Researchers Develop Flexible Sweat Sensor based on Photonic Cellulose Nanocrystal
Researchers reported a sustainable, insoluble, and chiral photonic cellulose nanocrystal patch for calcium ion sensing in sweat.
Cellulose nanocrystal (CNC), an emerging bio-based material, has been widely applied in fields like electronics, bioplastics and energy.
However, functional failure of such materials in wet or liquid environments inevitably impairs their development in biomedicine, membrane separation, environmental monitoring, and wearable devices.
Now, a research group led by Prof. QING Guangyan from the Dalian Institute of Chemical Physics (DICP) of the Chinese Academy of Sciences reported a sustainable, insoluble, and chiral photonic cellulose nanocrystal patch for calcium ion (Ca2+) sensing in sweat.
The study, published in Small on Apr 13, provides a new idea for the functionalization of CNC.
Highly elastic hydrogels constructed by heat-induced hydrogen bond remodeling can switch between wet and dry states (Image by ZHANG Fusheng and LI Qiongya)
The researchers developed a simple and efficient method to fabricate insoluble CNC-based hydrogels. They found that by utilizing intermolecular hydrogen bond reconstruction, thermal dehydration enabled the optimized CNC composite photonic film to form a stable hydrogel network in an aqueous solution.
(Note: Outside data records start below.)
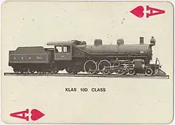In 1910, the Central South African Railways placed one American-built Class 10 4-6-2 Pacific type steam locomotive in service. When the South African Railways classification and renumbering took place in 1912, this locomotive was designated the sole member of Class 10D.[1][2][3][4]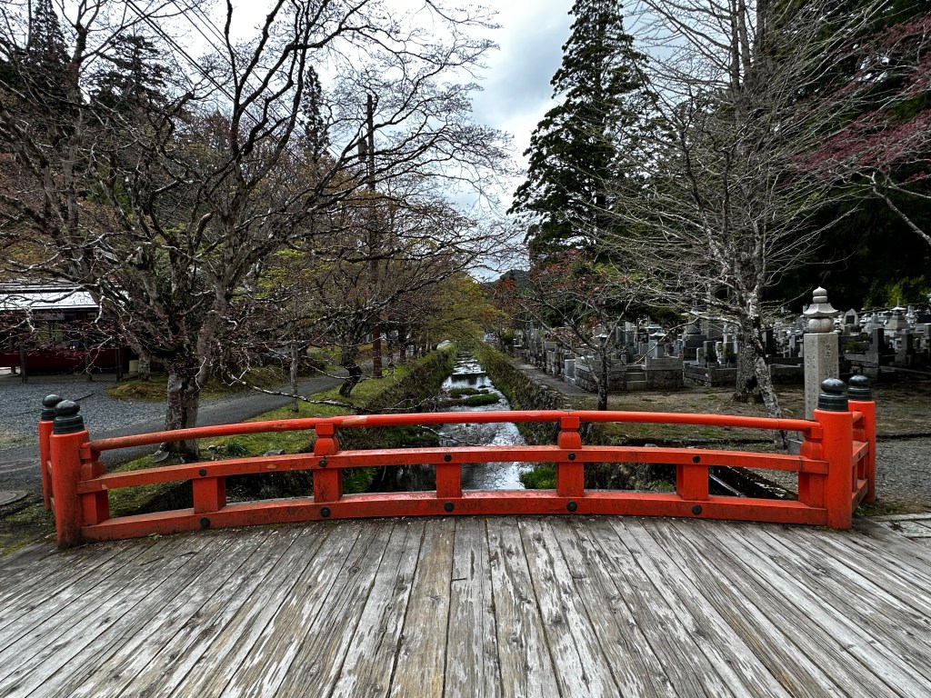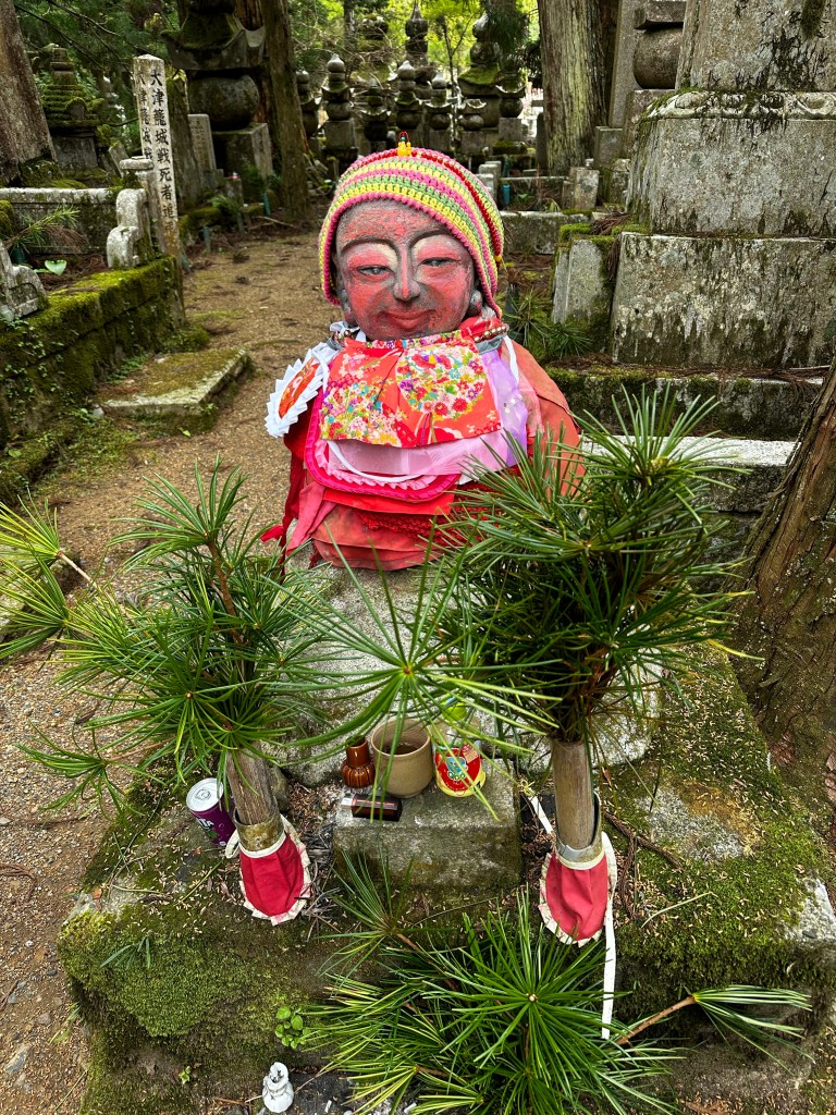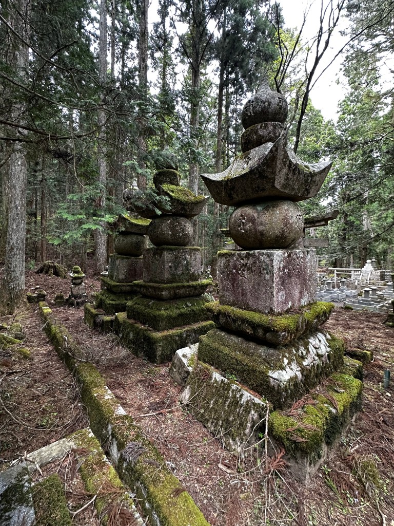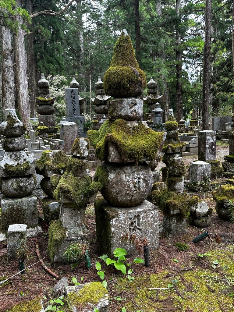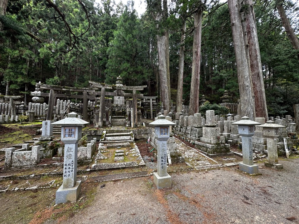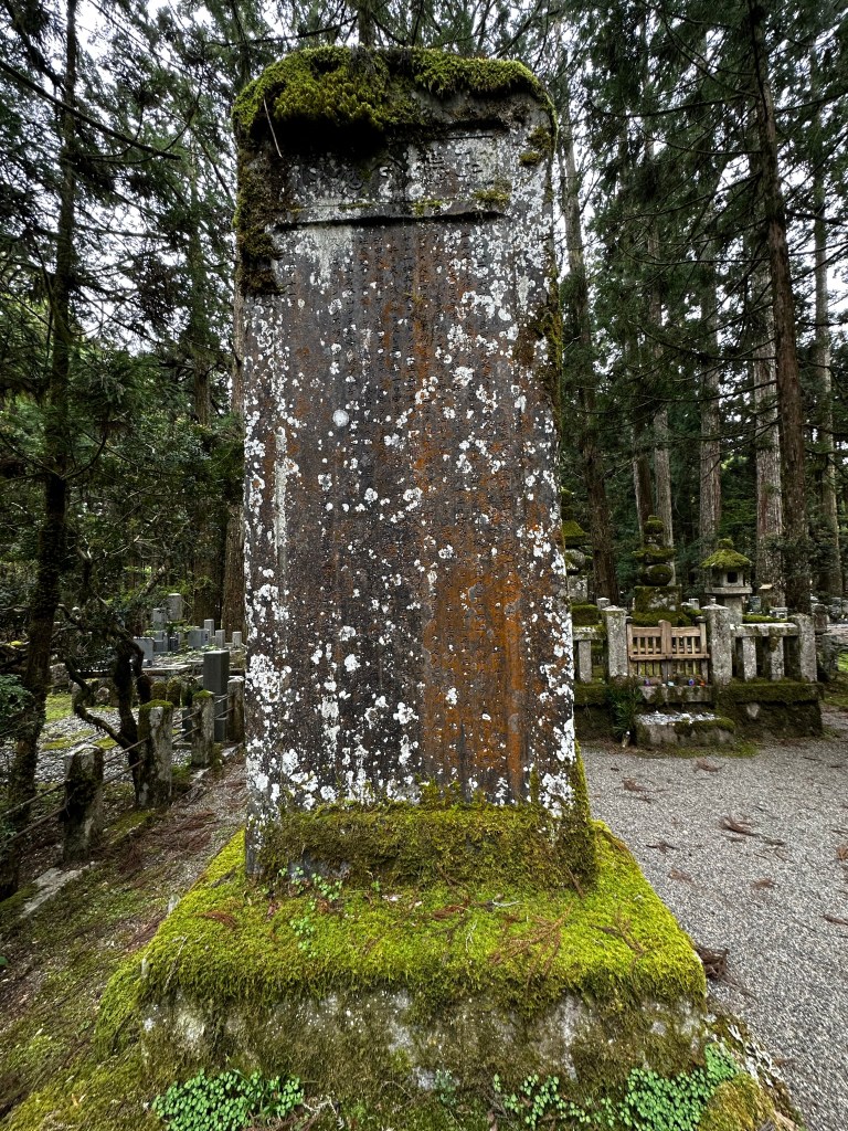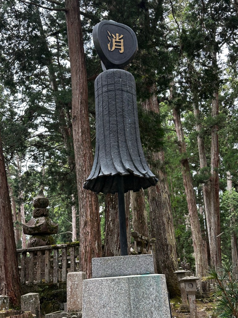 I decided to get some breakfast first at the Family Mart and then walk over to get a picture of the Daimon (“Great Gate”) at the entrance to Koya. I took a few pictures and was about to head to the cemetery where Kobo Daishi’s mausoleum is located when I heard a voice call out to me. It was Vincent whom we’d walked with back at Temple 65. We’ve been in communication on and off since then and I knew he planned to be at Koya today, so it wasn’t a huge surprise.
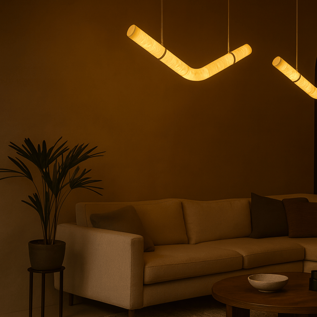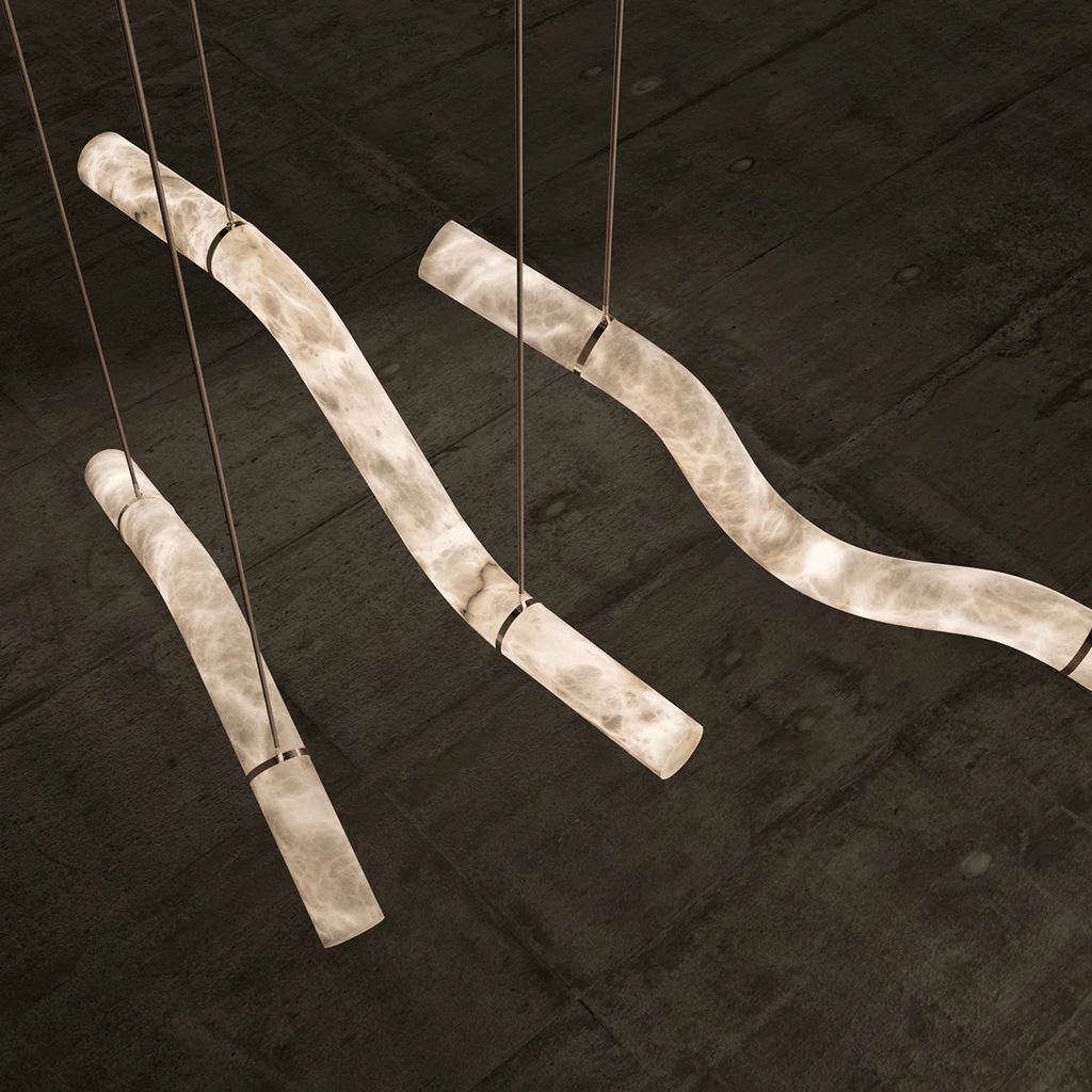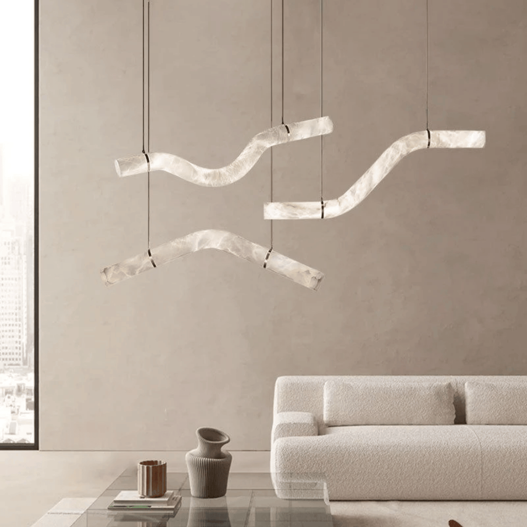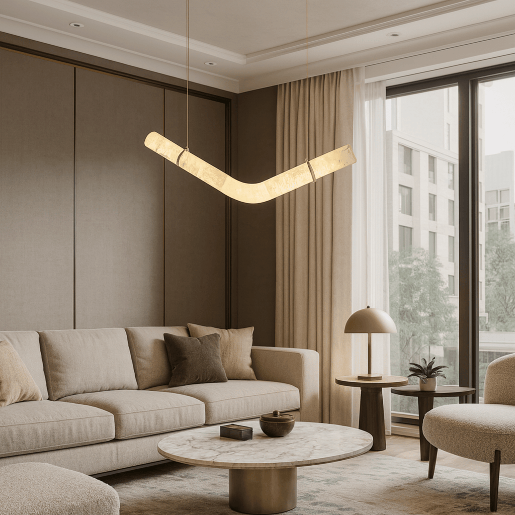 The Bogen marble arc pendant light is hand-carved from genuine marble, giving each piece a completely unique pattern of natural veining that no factory-produced fixture can replicate. Its sweeping V-curve silhouette functions as both a light source and a sculptural art piece. Combined with warm 3000K LED illumination, it transforms an ordinary ceiling into an architectural focal point that draws the eye and elevates the entire room.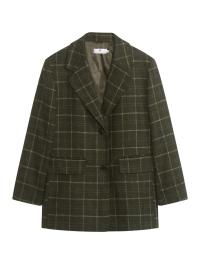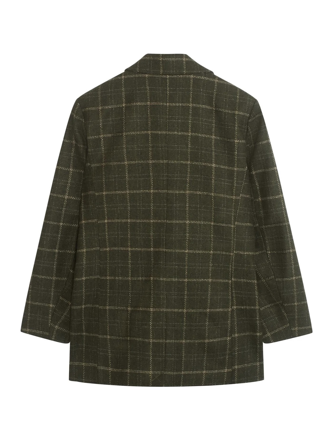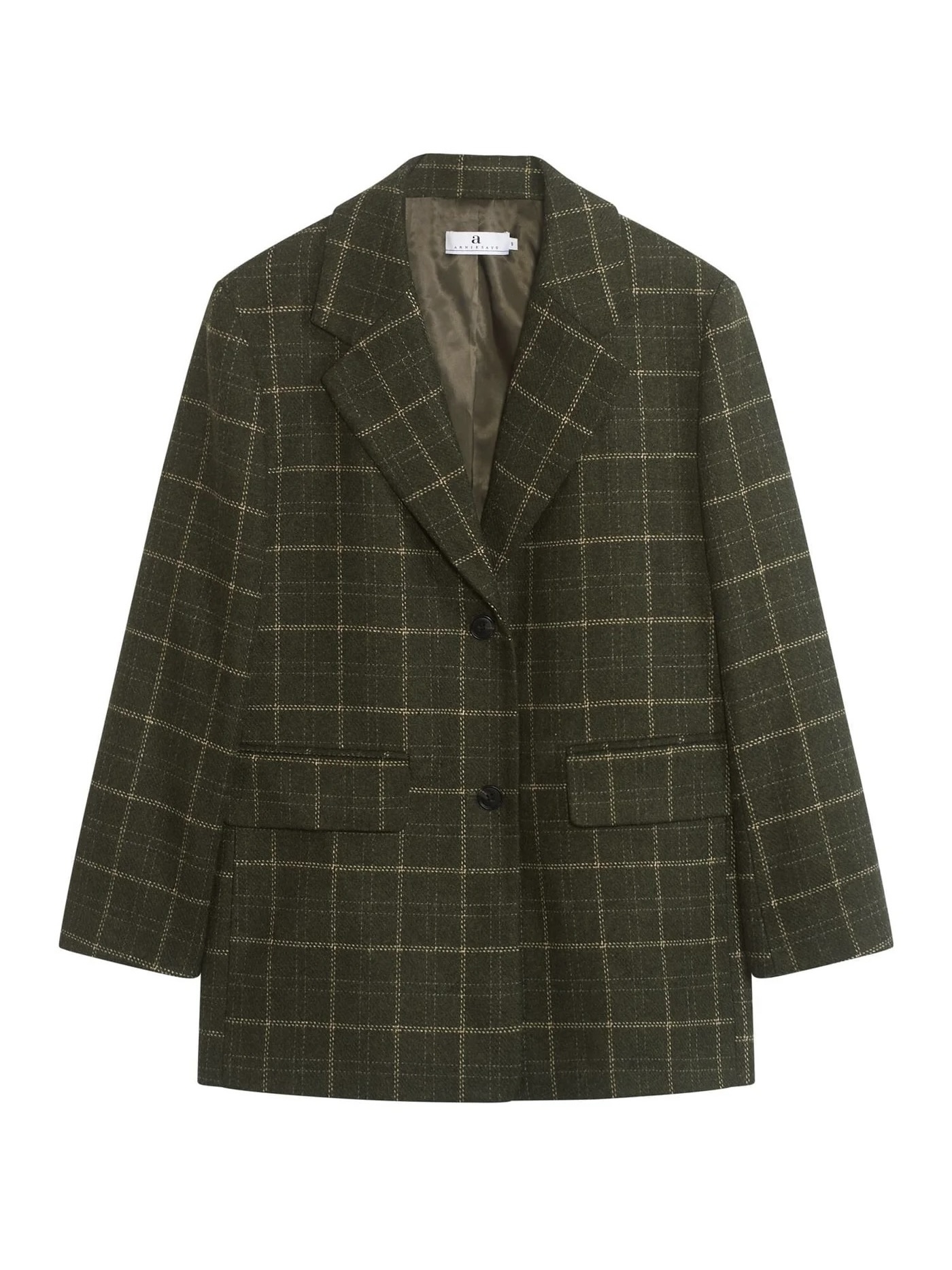 Kul tweedblazer i en tynn ullblend. Modellen er designet med bredt jakkeslag, to frontlommer og splitt i ryggen. Noe overdimensjonert fasong.

Moreover, they indicated that hydrogel could be reversibly switched between dry and wet states, which was convenient for specific functionalization.
The introduction of functionalized molecules by adsorption swelling in a liquid environment resulted in a hydrogel with freeze resistance (–20°C), strong adhesion, good biocompatibility, and high sensitivity to Ca2+.
"This work is expected to facilitate the application of sustainable cellulose sensors to monitor other metabolites (i.e., glucose, urea, and vitamins, etc.)," said Prof. QING. "It also lays foundation for digitally controlled hydrogel systems operating in environmental monitoring, membrane separations, and wearable devices."